For those that aren’t familiar, The Riddler is a weekly puzzle series from Oliver Roeder at FiveThirtyEight that usually involves some combination of math, logic and probability.
This weeks FiveThirtyEight Riddler, How Many Bananas Does it Take to Lead a Camel to Market?:
sYou have a camel and 3,000 bananas. (Because of course you do.) You would like to sell your bananas at the bazaar 1,000 miles away. Your loyal camel can carry at most 1,000 bananas at a time. However, it has an insatiable appetite and quite the nose for bananas — if you have bananas with you, it will demand one banana per mile traveled. In the absence of bananas on his back, it will happily walk as far as needed to get more bananas, loyal beast that it is. What should you do to get the largest number of bananas to the bazaar? What is that number?
So just in order to get to the market, you need a minimum of 1,000 bananas, and since that just gets you there without any bananas to sell, a more creative solution is required. Let’s say we split the 3,000 bananas into 3 piles — Pile A, Pile B, & Pile C. From there we move Pile A one mile, go back and do the same for Piles B & C.
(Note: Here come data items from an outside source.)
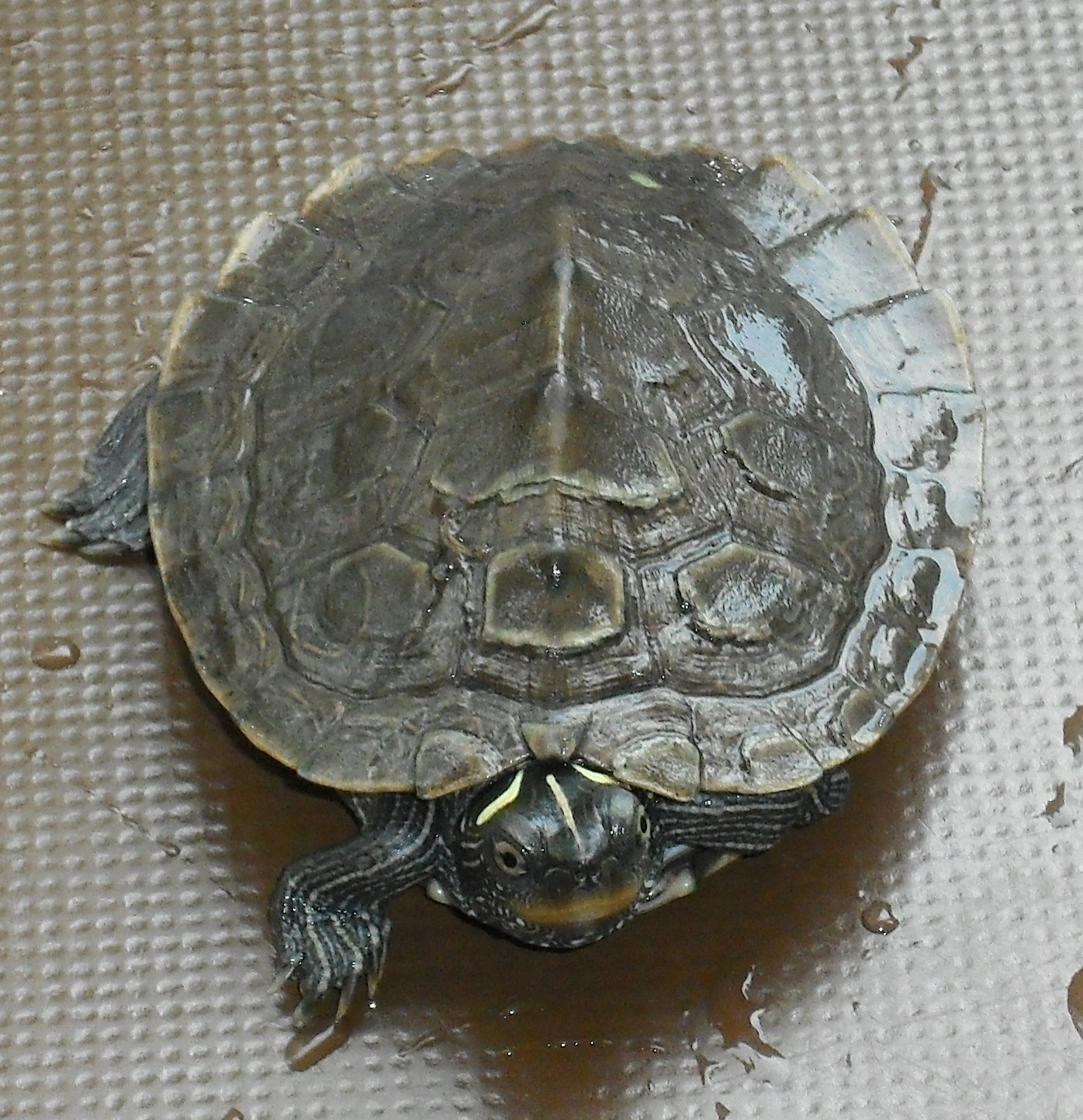 False map turtle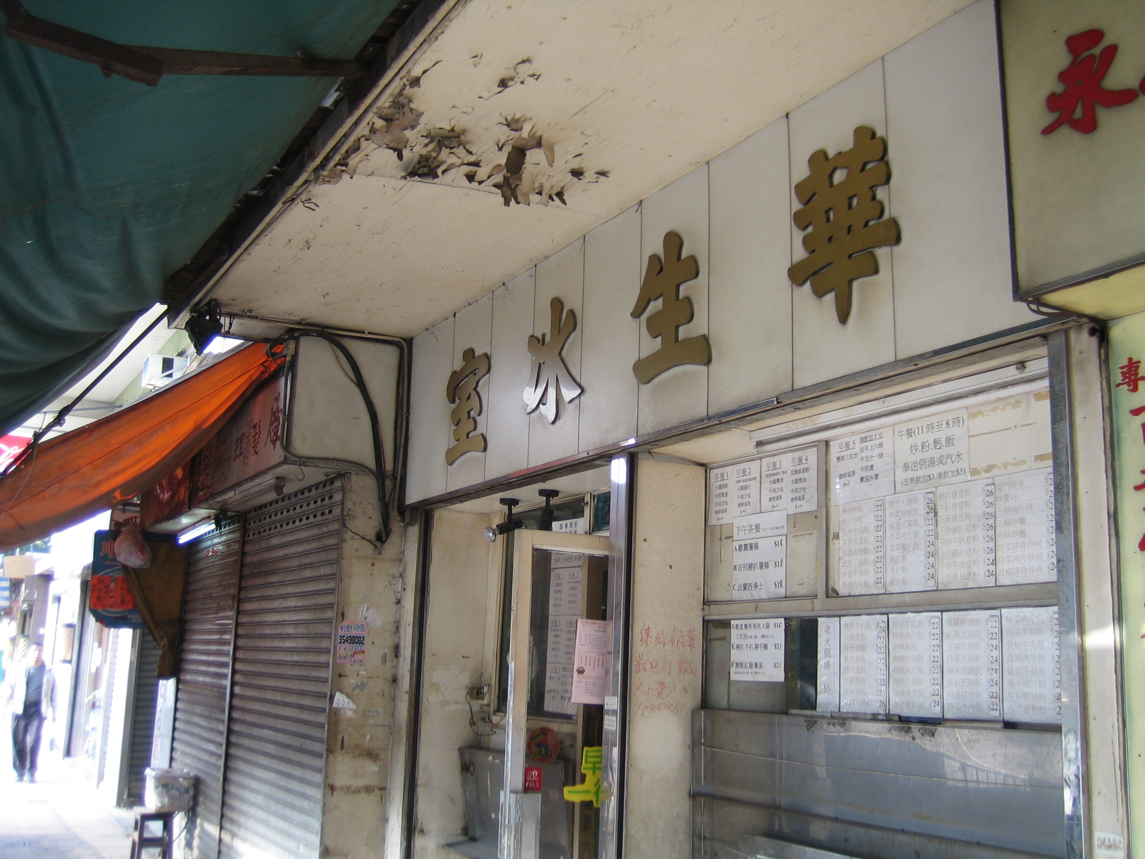 This is Wah Sang Restaurant「華生冰室」which is taken from Kai Tak Mansion, Kwun Tong Road, Hong Kong. If you have any questions about the licensing (like cc-by-sa, GFDL), or you want to republish the image without using the licensing shown as below, you are welcome to leave a message on the User Talk Page of my Chinese Wikipedia account. 中文（香港）: 這是位於香港九龍觀塘道啓德大廈的「華生冰室」。如你對這照片版權許可協議 (例cc-by-sa, GFDL) 有疑問，或你想把照片不用以下的版權協議轉載，歡迎你到我在中文維基百科的用戶對話頁留言。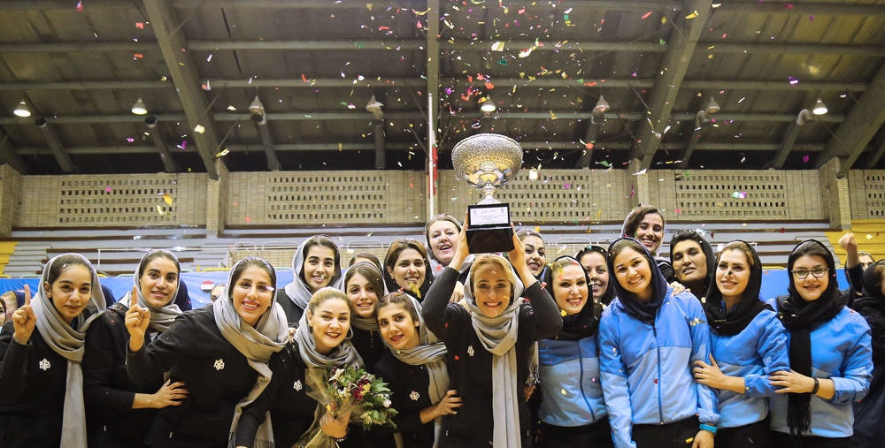 Iranian Basketball Super League 1396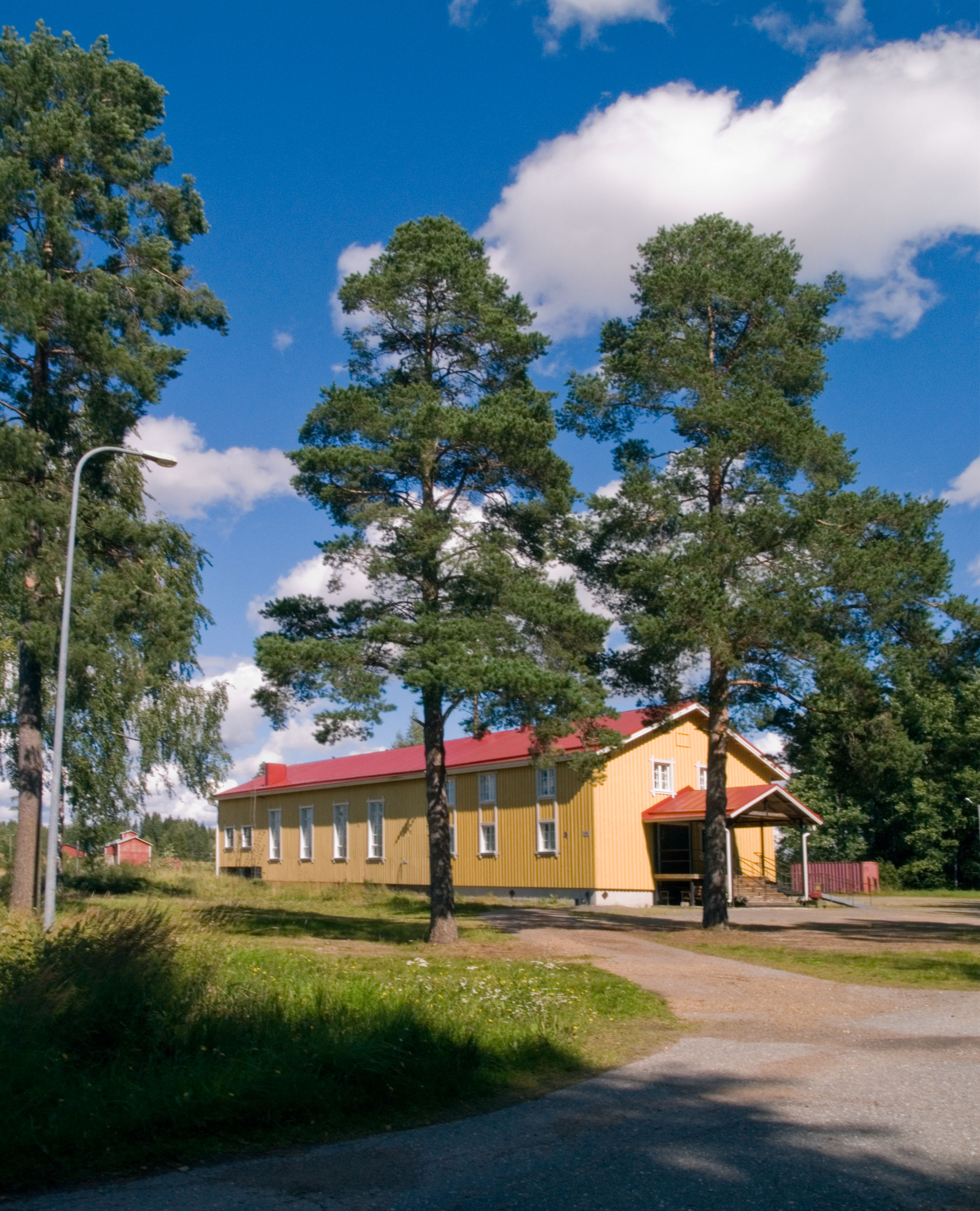 Hall for social gatherings in Kanteenmaa village, Punkalaidun, Finland.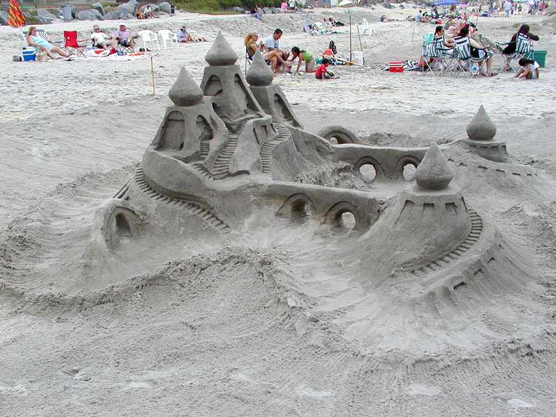 Sand Castle on the Beach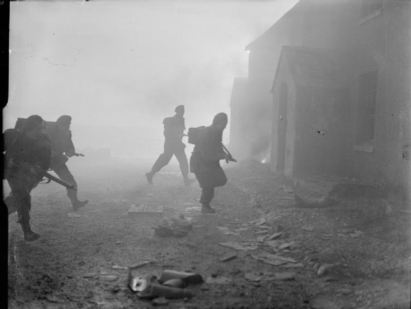 Belgian Commandos in Training in Britain, 1945 Under cover of smoke, a group of Belgian Commandos storm a building as part of a training exercise, somewhere in Britain.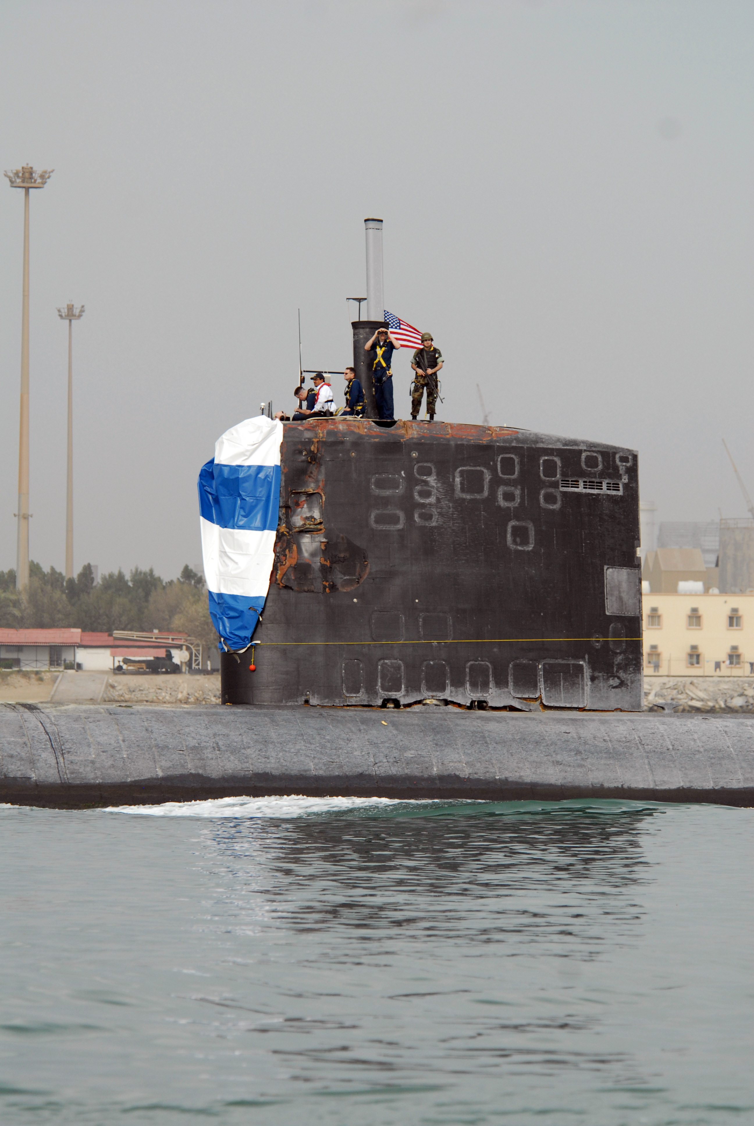 The Los Angeles-class attack submarine USS Hartford (SSN 768) pulls into Mina Salman pier in Bahrain where U.S. Navy engineers and inspection teams will assess and evaluate damage that resulted from a collision with the amphibious transport dock ship USS New Orleans (LPD 18) in the Strait of Hormuz March 20. Overall damage to both ships is being evaluated. The incident remains under investigation. Hartford is deployed to the U.S. 5th fleet area of responsibility to support maritime security operations.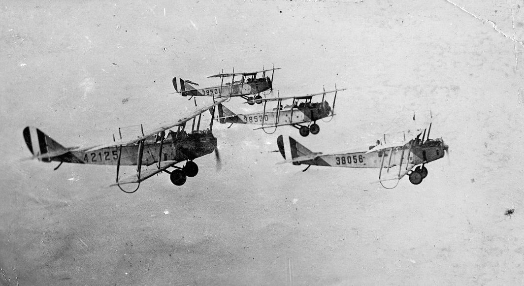 Formation of 4 Curtiss JN-4s flying from Love Field, Texas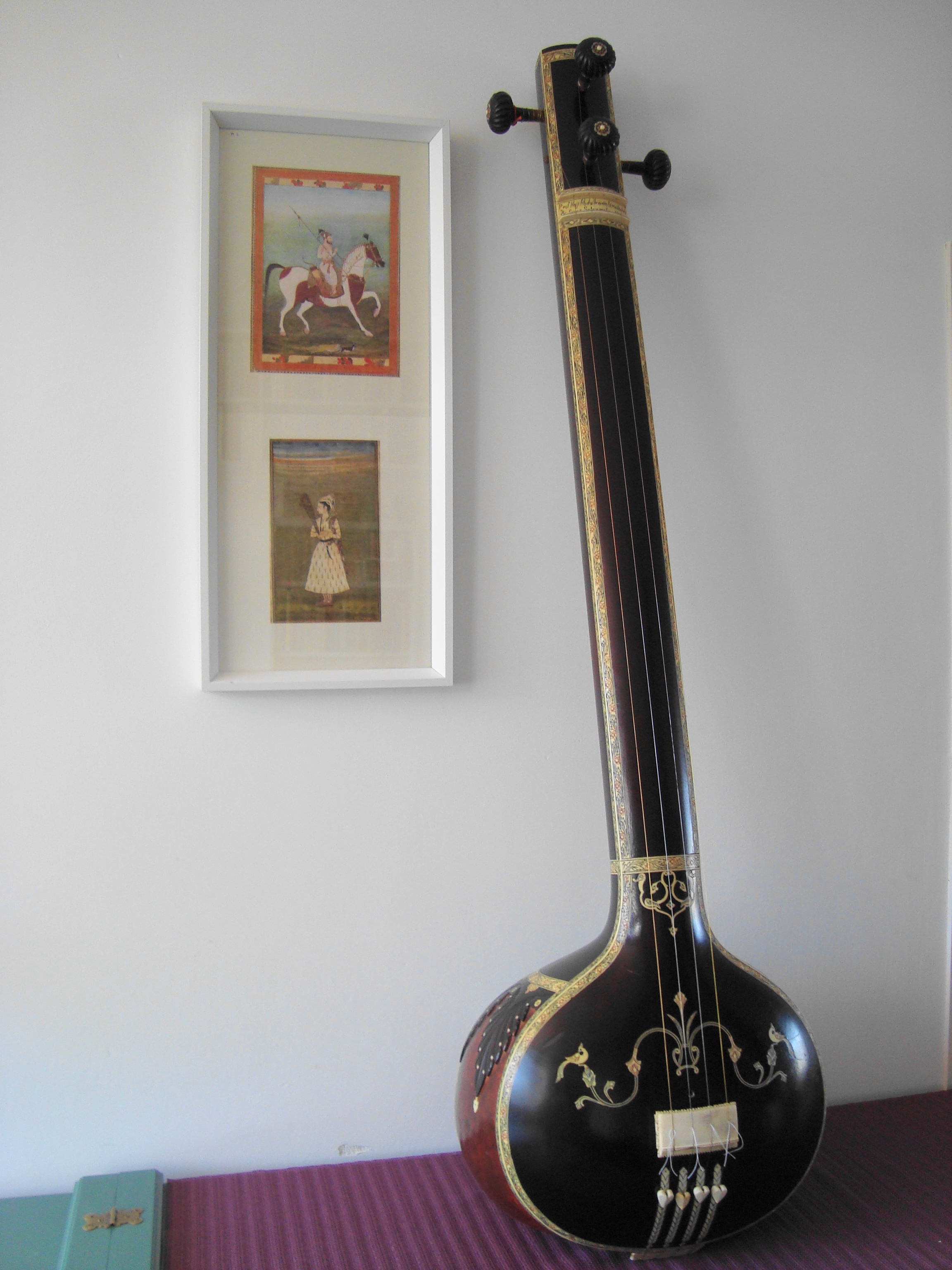 Prof Haji Abdulkarim Ismailsaheb & Sons Satarmakers MIRAJ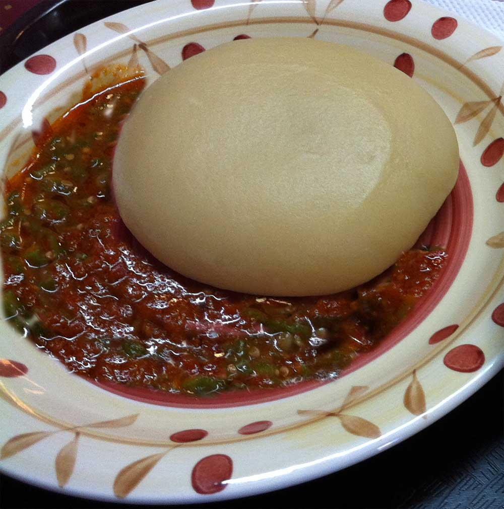 This food is made from cassava flour. The cassava is left in the sund to dry, then grinded to produce the flour. The food is preferred in most rural areas of Tanzania. The Zigua tribe have a special name for this, which is Bada.Kiswahili: Ugali wa muhogo ni chakula kinachotengenezwa na mihogo iliyokaushwa na kusagwa. Hiki chakula ni mahsusi kwa wale wanaoishi vijijini. Ni chakula chenye virutubisho vingi vya kujenga mwili This is an image of food from Tanzania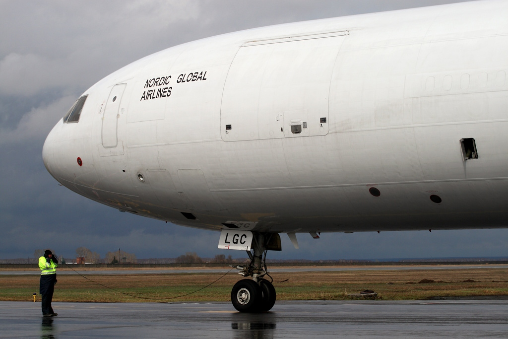 First transit landing in Novosibirsk. NGB 8712 Hong Kong - Helsinki. Twice in week flights in OVB now. Ex Finnair (passenger fleet) and Finnair Cargo. Nordic started operations in August 2011.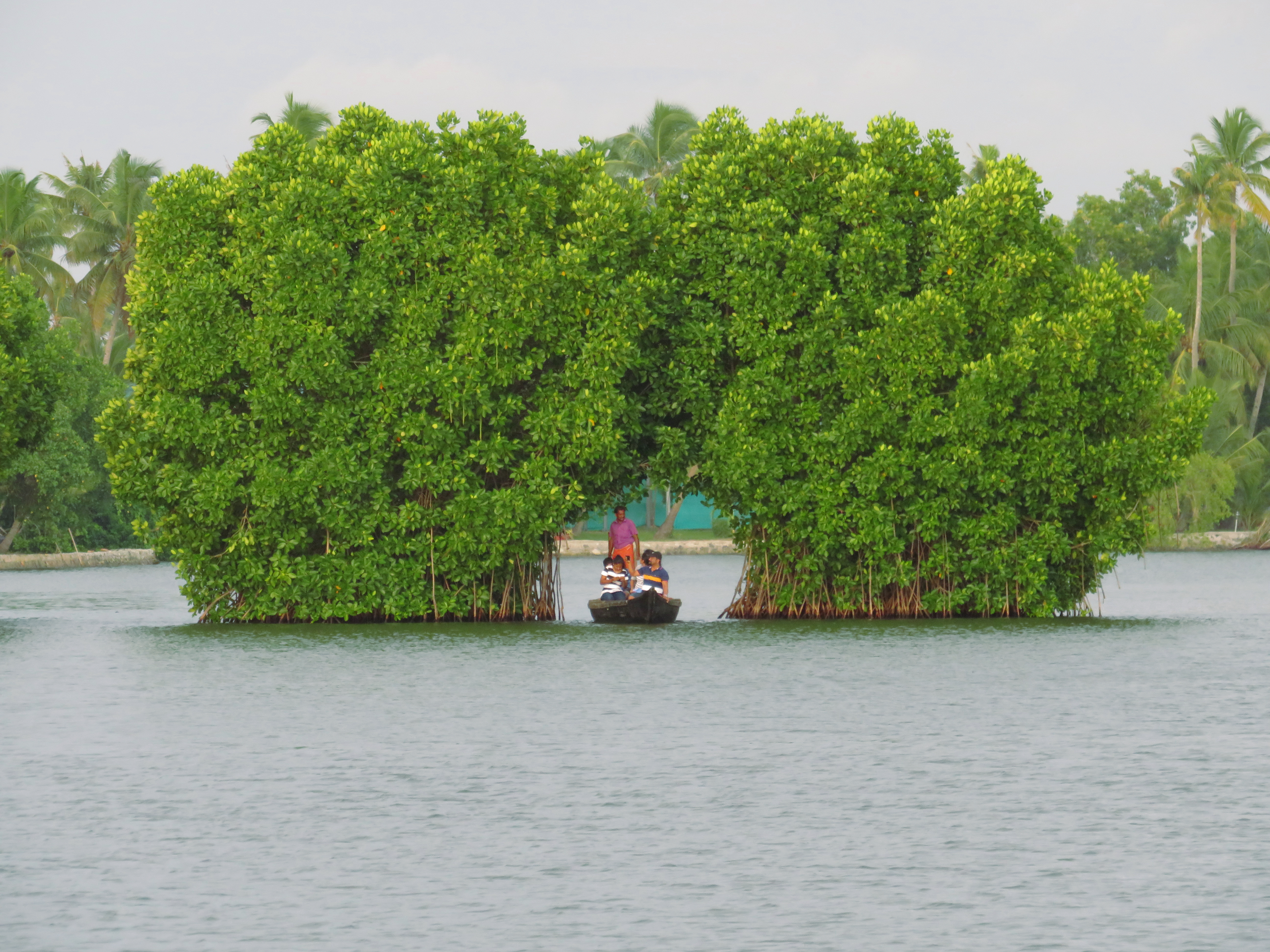 Tourits exlporing the Beauty of the backwaters in a country boat in Munroe Island.

| Mile | Pile A | Pile B | Pile C |
|---|---|---|---|
| 0 | 1000 | 1000 | 1000 |
| 1 | 999 | 999 | 999 |
This won’t get us anywhere, since at mile 1,000 we’ll be left with 0 bananas in each. Let’s instead redistribute the Pile C bananas to Pile A and Pile B.
| Mile | Pile A | Pile B | Pile C |
|---|---|---|---|
| 0 | 1000 | 1000 | 1000 |
| 1 | 999 | 999 | 999 |
| 1 | 1000 | 1000 | 997 |
Now if we were to just move each pile forward without redistribution we’d end up with 2 bananas to sell at the market (1 from Pile A and 1 from Pile B). Let’s redistribute the bananas every mile, now it looks like:
| Mile | Pile A | Pile B | Pile C |
|---|---|---|---|
| 0 | 1000 | 1000 | 1000 |
| 1 | 999 | 999 | 999 |
| 1 | 1000 | 1000 | 997 |
| 2 | 999 | 999 | 996 |
| 2 | 1000 | 1000 | 995 |
| 3 | 999 | 999 | 994 |
| 3 | 1000 | 1000 | 992 |
A pattern starts to emerge, every mile takes 3 bananas, specifically from Pile C. For now, let’s say:
Bananas in Pile C = 1000 — 3*Miles Traveled
Now let’s look at Mile 333, about when Pile C would be exhausted.
| Mile | Pile A | Pile B | Pile C |
|---|---|---|---|
| 333 | 1000 | 1000 | 1 |
| 334 | 999 | 999 | 0 |
Since we only have 1 banana left in Pile C, we can’t redistribute it. So we’re now 667 miles away from our destination, with 2 piles of 1,000 bananas each. Let’s continue this redistribution strategy with Piles A and Pile B (redistributing Pile B)
| Mile | Pile A | Pile B | Pile C |
|---|---|---|---|
| 334 | 999 | 999 | 0 |
| 334 | 1000 | 998 | 0 |
| 335 | 999 | 997 | 0 |
| 335 | 1000 | 995 | 0 |
Now another pattern emerges for Pile B. The amount of bananas in Pile B can be described as:
Bananas in Pile B = 1000 — 2*(Miles Traveled-333)
Using this we see that Pile B runs out bananas around mile 833.
| Mile | Pile A | Pile B | Pile C |
|---|---|---|---|
| 832 | 1000 | 2 | 0 |
| 833 | 999 | 1 | 0 |
| 833 | 1000 | 0 | 0 |
At this point, we can simply just carry Pile A, feeding a banana to the camel every mile for the last 177 miles. The amount of bananas left when we reach the market is simply 1000 — 177 = 833.
To answer the original Riddler question, the largest amount of bananas that we can get to the bazaar under the current circumstances is 833.